What the task asks — From the first line to the last, copy the listing exactly and omit the pictures.

Collected data below:

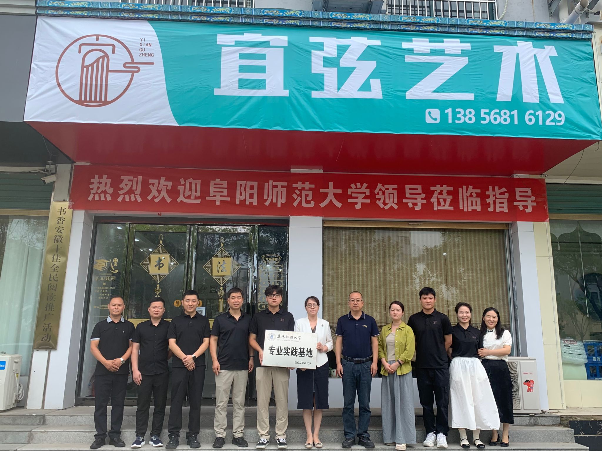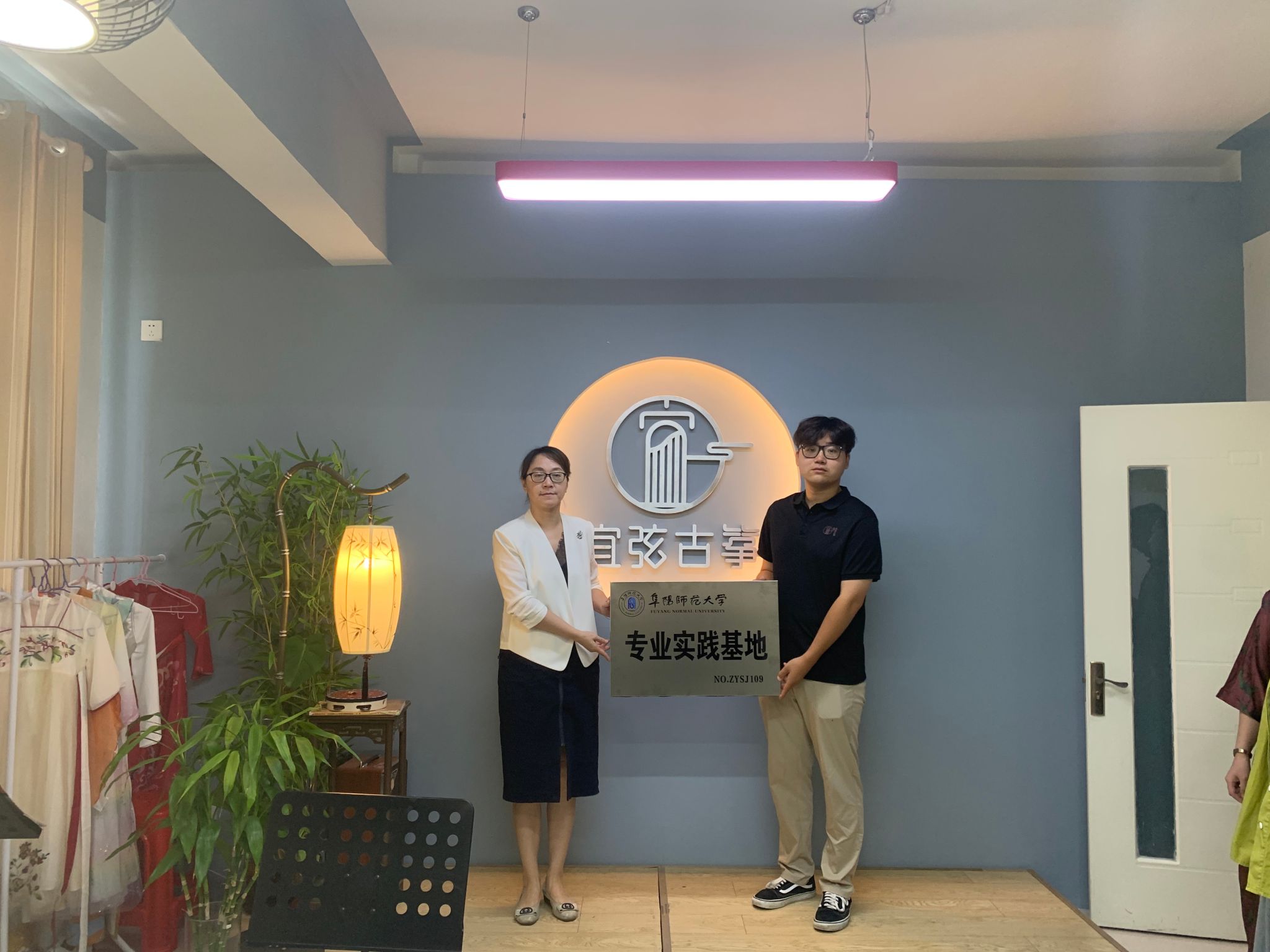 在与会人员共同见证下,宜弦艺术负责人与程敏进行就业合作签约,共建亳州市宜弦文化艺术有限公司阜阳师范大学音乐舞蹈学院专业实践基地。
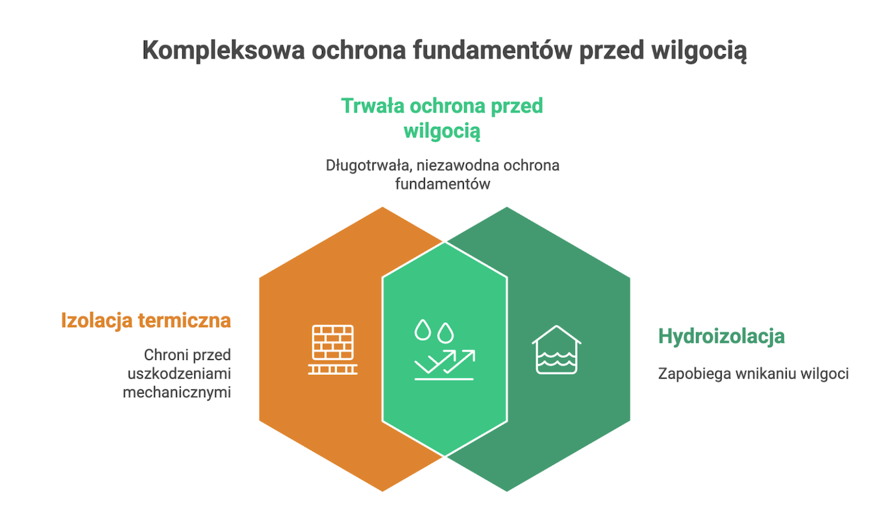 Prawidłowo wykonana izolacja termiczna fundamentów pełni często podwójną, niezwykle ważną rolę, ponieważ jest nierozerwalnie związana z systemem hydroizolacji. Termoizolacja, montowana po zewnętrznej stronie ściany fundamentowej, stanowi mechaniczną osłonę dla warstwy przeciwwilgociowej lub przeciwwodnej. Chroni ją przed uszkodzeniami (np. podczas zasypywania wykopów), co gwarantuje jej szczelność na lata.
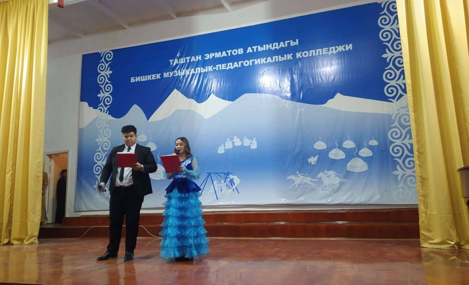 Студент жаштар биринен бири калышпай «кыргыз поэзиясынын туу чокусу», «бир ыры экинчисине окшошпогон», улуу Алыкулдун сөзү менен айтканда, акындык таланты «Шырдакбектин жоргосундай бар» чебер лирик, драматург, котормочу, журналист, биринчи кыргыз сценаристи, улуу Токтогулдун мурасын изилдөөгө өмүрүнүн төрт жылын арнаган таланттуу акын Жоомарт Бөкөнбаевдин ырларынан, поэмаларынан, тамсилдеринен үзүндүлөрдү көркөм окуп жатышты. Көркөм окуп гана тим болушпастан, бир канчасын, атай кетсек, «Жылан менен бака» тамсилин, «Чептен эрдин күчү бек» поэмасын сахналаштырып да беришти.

End of Collected data.

Answer for the task —
 在与会人员共同见证下,宜弦艺术负责人与程敏进行就业合作签约,共建亳州市宜弦文化艺术有限公司阜阳师范大学音乐舞蹈学院专业实践基地。
 Prawidłowo wykonana izolacja termiczna fundamentów pełni często podwójną, niezwykle ważną rolę, ponieważ jest nierozerwalnie związana z systemem hydroizolacji. Termoizolacja, montowana po zewnętrznej stronie ściany fundamentowej, stanowi mechaniczną osłonę dla warstwy przeciwwilgociowej lub przeciwwodnej. Chroni ją przed uszkodzeniami (np. podczas zasypywania wykopów), co gwarantuje jej szczelność na lata.
 Студент жаштар биринен бири калышпай «кыргыз поэзиясынын туу чокусу», «бир ыры экинчисине окшошпогон», улуу Алыкулдун сөзү менен айтканда, акындык таланты «Шырдакбектин жоргосундай бар» чебер лирик, драматург, котормочу, журналист, биринчи кыргыз сценаристи, улуу Токтогулдун мурасын изилдөөгө өмүрүнүн төрт жылын арнаган таланттуу акын Жоомарт Бөкөнбаевдин ырларынан, поэмаларынан, тамсилдеринен үзүндүлөрдү көркөм окуп жатышты. Көркөм окуп гана тим болушпастан, бир канчасын, атай кетсек, «Жылан менен бака» тамсилин, «Чептен эрдин күчү бек» поэмасын сахналаштырып да беришти.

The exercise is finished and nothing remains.